Light micrographs showing immunolocalization of
AGP in developing pericarp of tomato fruit. A, Carbohydrate-specific
staining. Starch grains stained red. B and C, Anti-tomato fruit AGP
serum detected a signal (gray dots) in both plastids and cytoplasm
(arrows). D, The preimmune control serum detected no signal. S, Starch
granule; and V, vacuole. A, ×351; B, ×1560; and C and D, ×1950.
|
|
The intracellular localization of AGP was first studied at the light
microscope level. Because the immunogold particles (20 nm in diameter)

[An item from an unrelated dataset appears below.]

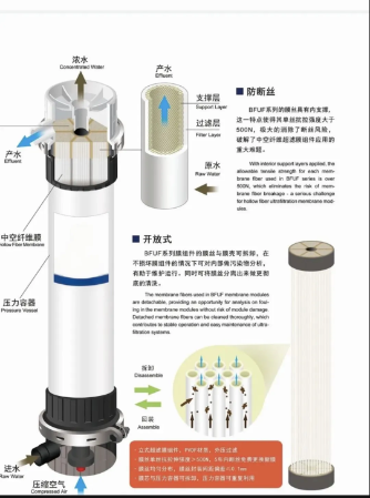 Typ vnútorného tlaku: surová voda tečie z vnútra membrány von, vhodná pre vysokú kvalitu vody so zákalom

are beyond the resolution limit of the light microscope, they were
enlarged by the silver-enhancement technique, which facilitates
visualization of the dark-gray dots. Gray deposits were observed in
both the plastids and cytoplasm of tomato pericarp cells (Fig. 1, B and
C). The signal was not evenly distributed in the cytoplasm, with denser
particles clustered near plastids (Fig. 1C). The preimmune serum
control showed no gray particles (Fig. 1D), indicating that the
antibody is specific. The intracellular distribution of AGP was further
examined by an immunoelectron microscope. Consistent with the light
microscope findings, immunogold particles were observed in both the
plastids (Fig. 2, A and C) and cytoplasm
(Fig. 2, A and B). The labeling in the plastids was not uniformly
distributed. No immunogold particles were observed inside the starch
granule, contrary to what was found in the maize (Zea mays
L.) endosperm (Miller and Chourey, 1995). Some of the particles
occurred at or near the surface of the starch grains (Fig. 2C), whereas
others were localized mostly in the stroma (data not shown). Similar to
the plastids, labeling in the cytoplasm was not uniform, and most was
localized in cluster-like patterns. Overall, the signal was not as
strong as that observed in amyloplasts of potato (Solanum
tuberosum L.) tuber (Kim et al., 1989) and maize endosperm (Miller
and Chourey, 1995). This is consistent with the very low specific
activity of AGP in tomato fruit crude extract (Chen and Janes, 1997).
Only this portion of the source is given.